I'm not eleven any more, yet I have to admit a little frisson
of associative fear when that scene came up near the end of Nightmare
in a Damaged Brain (as it's titled in Britain, where it's
far better known than it is here -- more on that later). The
rest of the movie might've terrified me when I was eleven. These
days, I take it as the kind of grubby fun horror film I grew
up with when I got a little older and started seeing this sort
of thing on cable. The crappier a movie like this is, the better
I like it, and it looks especially reassuring next to the shiny,
antiseptic pap that passes for horror now. This was the early
'80s, man, when horror directors had no limits, no morals, no
shame.
The plot -- what I can safely
reveal of it -- goes as follows. George Tatum (Baird Stafford,
alternating between bug-eyed brooding and histrionic screeching)
is one fucked-up specimen. Plagued by gory nightmares, he wakes
up screaming in a straitjacket until he's fed anti-psychotic
pills by hospital attendants. According to a very '80s computer
screen, poor George has been diagnosed with "Schizophrenia,
Mild Amnesia, Homicidal Dream Fixation, Seizures." I love
the "Mild Amnesia" thrown in there along with the rest,
as if we couldn't guess that from the way he wakes up shrieking;
it gave me my first good laugh of the evening. Anyway, his dreams
seem to involve a tied-up man, a woman slapping said man around,
and a blood-spattered boy. Even those whose reading of Freud
is limited to his name on a book cover will twig right away to
the eventual reveal that the boy is George, the man and woman
are his parents, said 'rents are engaging in a little BDSM, and
young George has an axe to grind about it.
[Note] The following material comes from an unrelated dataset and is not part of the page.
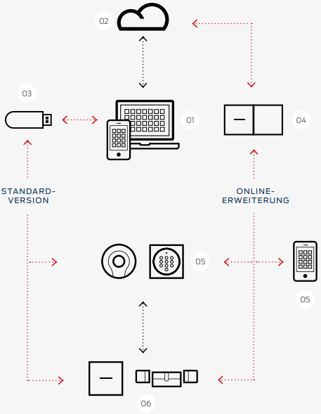Für Programmierung der Zylinder ohne LockNode wird nur der USB-Programmierstick (03) und der Zugang zur Web-App (01) benötigt. Zutrittsänderungen müssen in der Web-App vorgenommen werden und dann wieder via USB-Programmierstick auf das Vorhangschloss (06) programmiert werden.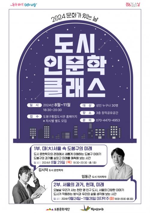 [½Åµ¿¾Æ¹æ¼Û=À̽ŵ¿±âÀÚ]µµºÀ±¸(±¸Ã»Àå ¿À¾ð¼®) µµºÀ¹®È­Àç´Ü Çи¶À»µµ¼­°üÀº 2024 ¹®È­°¡ ÀÖ´Â ³¯ ÇÏ¹Ý±â Æ¯ÁýÀ¸·Î ¡®µµ½Ã Àι®ÇРŬ·¡½º¡¯¸¦ ¿î¿µÇÑ´Ù°í ¹àÇû´Ù. ¡®µµ½Ã Àι®ÇРŬ·¡½º¡¯´Â ´ëµµ½Ã ¼­¿ïÀ» ½ÉÃþÀûÀ¸·Î ޱ¸ÇÏ´Â Àι®ÇÐ °­Á´Ù. 1ºÎ ¡®´ë(ÓÞ)¼­¿ï ¼Ó ¡¦

George, it seems, is the star
lab rat of a hush-hush experimental drug program; we hear various
psychologists and hangers-on talking about alerting the military
(!) to George's amazing progress. So these brilliant headshrinkers
let him go free, because obviously he's mentally ship-shape,
what with all the howling, blood-drenched nightmares he continues
to have (not to mention the Mild Amnesia). He's supposed to go
to a halfway house, but he never makes it there, which means
a few scenes with worried guys sitting at a computer and asking
it questions a computer can't answer in real life, like "Why
presumed dead?" (What is this, the 1981 prototype of Ask
Jeeves?) Some guy with a cigar (whose character is named in the
credits as, yes, Man With Cigar -- hey, did Chris Carter see
this movie?) yells at the head psychologist: "Now he's on
the loose and killing people -- and we can't have that."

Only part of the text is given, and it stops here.